What happens if I click on button container and not on a button? So if I click over here.
>> Brian Holt: So you clicked on button 1, 2, 3, 4, right? Because that's the inner text of that. So it's just grabbing all the text from all of its inner nodes.

And getting that back to you. So that seems like it's a problem, doesn't it? So the way that you can mitigate that is you can say, if event that target tag name, triple equals and it's all in caps for some reason, I don't know button.
>> Brian Holt: And then you move this up there, like that.

>> Brian Holt: And now that will mitigate our problem, cuz if the tag name is div, which is what this is gonna be then is gonna say cool, I'm just gonna not do anything about it. Go ahead.
>> Speaker 4: In order to get this to work, you're gonna have to put it into your console.

>> Brian Holt: Correct, yeah.
>> Brian Holt: So now if I go in here, it's not gonna work.
>> Brian Holt: But if I click on that, it'll still work.
>> Speaker 2: So why is button all in uppercase?
>> Brian Holt: So something to keep in mind is that, browsers and JavaScript are quite old, right? And there's been a fundamental idea of whenever we revise the DOM, we revise JavaScript.
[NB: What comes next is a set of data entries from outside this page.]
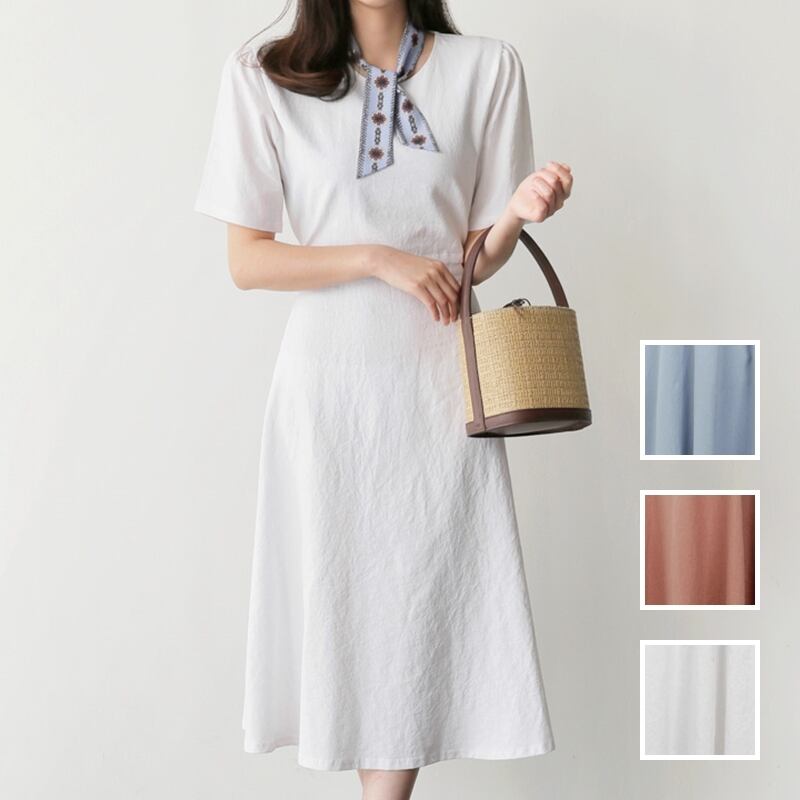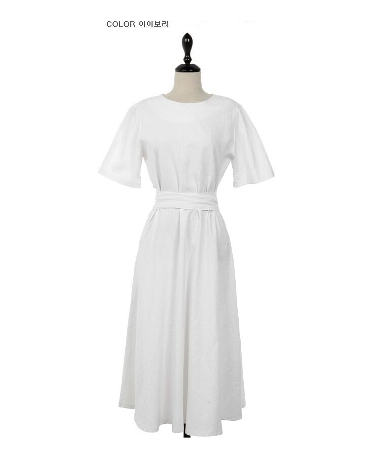 バックコンシャス&ウエストマークが叶うリボン付きのナチュラルなワンピース。
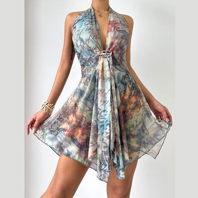 Halter v neck backless lace self tie hollow out cut out mini dress
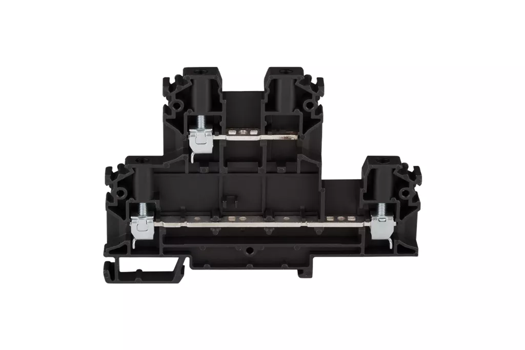 Złączka szynowa 4-przewodowa 2-piętrowa z trzema zaciskami 4mm2 czarny V0 ZUG-24 A00-D003
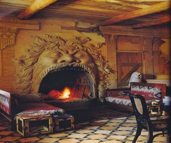 The Italian fashion designer Elsa Peretti purchased an old watchtower on the coast of Tuscany as a vacation home. It was called La Torre. The Sixteenth Century structure was built for military purposes, so Peretti had to have it redesigned with comfort in mind. So she hired architect Renzo Mongiardino to renovate it. Mongiardino took the old fort and turned it into a fairytale castle by covering the walls with three-dimensional images of fantasy scenes, including this stunning fireplace that looks like a giant’s mouth — via Neatorama
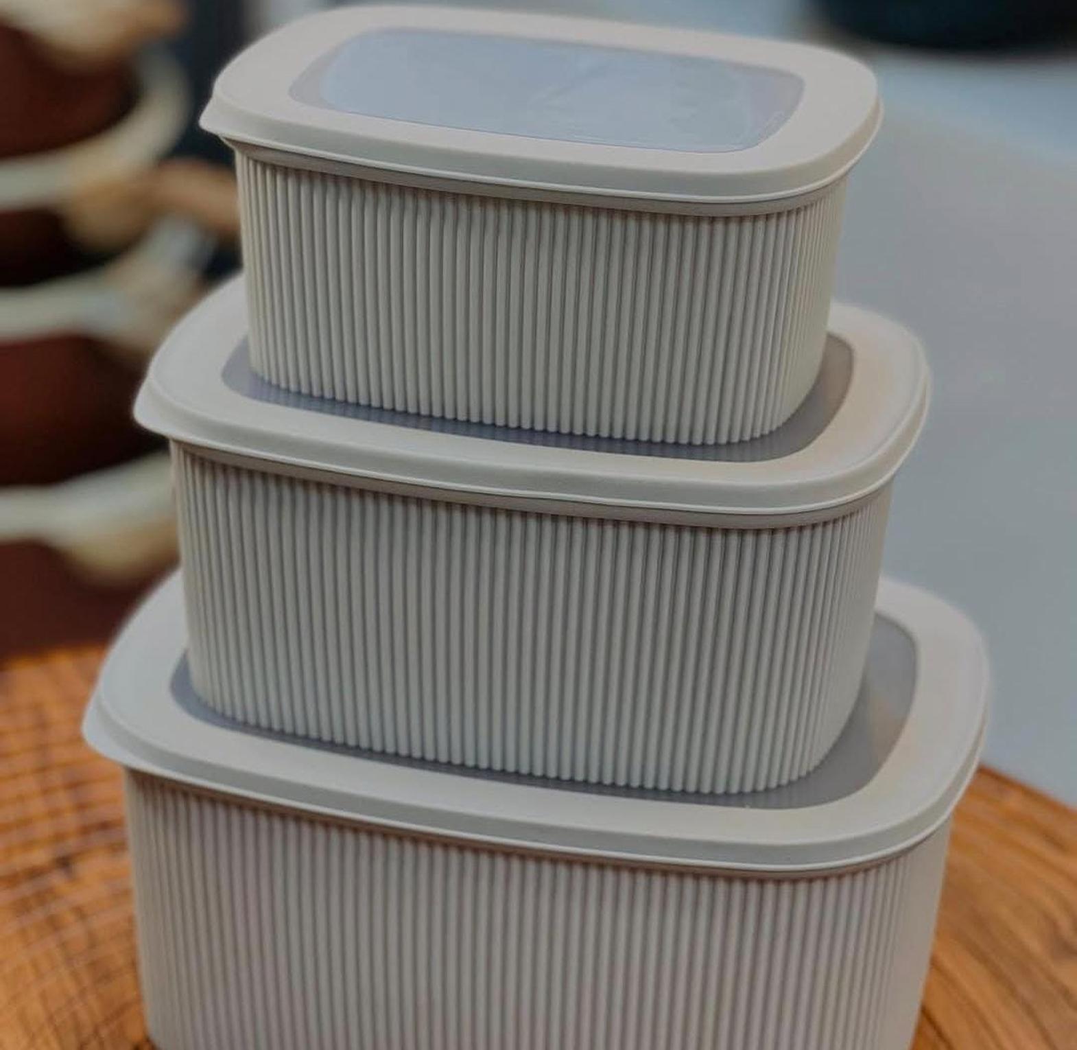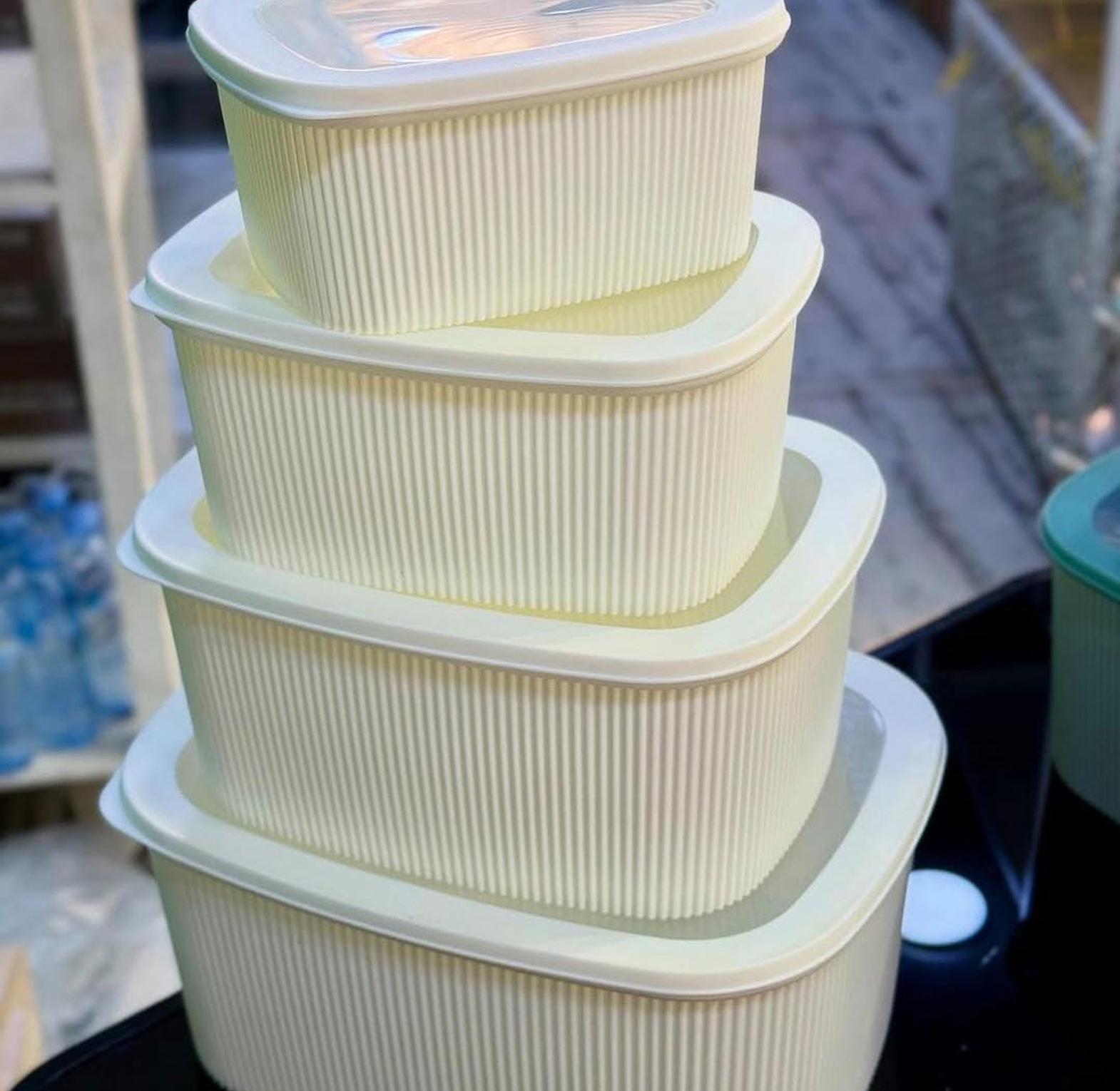 4pcs Multipurpose storage containers ▫️ Microwave and dishwasher safe. ▫️Leak proof ▫️ Color: white, grey
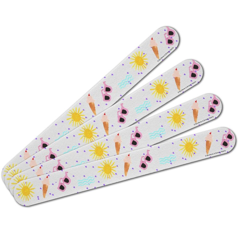 Sun Surf Ocean Beach Ice Cream Pattern Double-Sided Nail File Emery Board Set 4 Pack
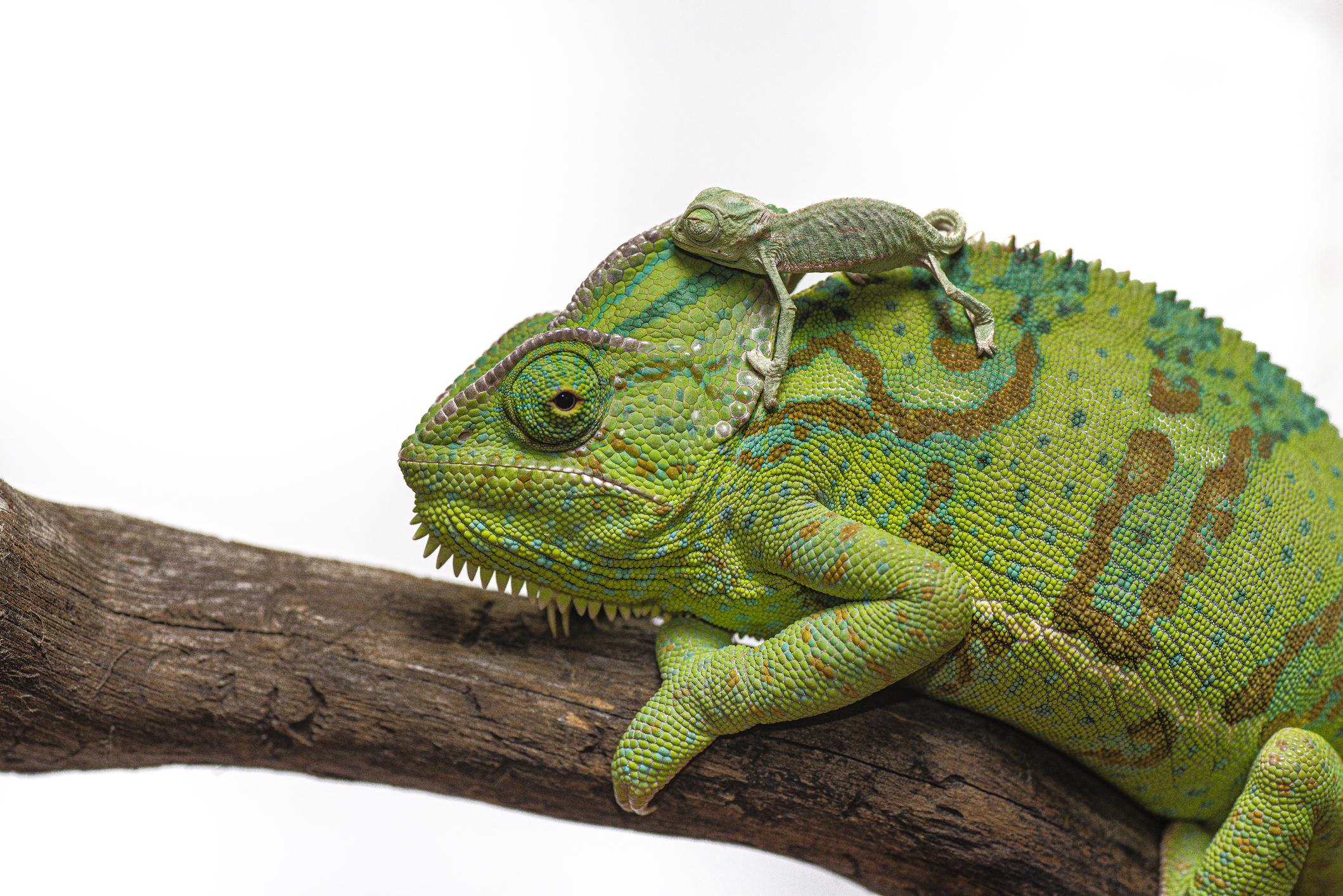 A fátyolos kaméleon néven is ismert, kb. 60 centis hüllőnek az alapszíne zöld, kék, barna sárga csíkokkal tarkítva, azonban hangulatának megfelelően megváltoztathatja a színét. Idegrendszere üzenetet küld a bőrében található pigmenttartalmú kromatofor sejteknek, hogy táguljanak vagy összehúzódjanak.

We don't wanna break anything that used to exist, right? So that's why like if you go to the space channel website for space channel one, it's still out there and it still works. Which to me, I think it's actually quite cool. That if I write something, and I put it on the Internet, and as long as it's still on the internet, it's going to work indefinitely.

So it's actually an archival, as well as a human history since the Internet started. But, the part that's kinda crappy about that is we end up with stuff like this that it was defined 20 years ago, that the tag name was always gonna be in upper case. And now we're still stuck with that decision 20 years later.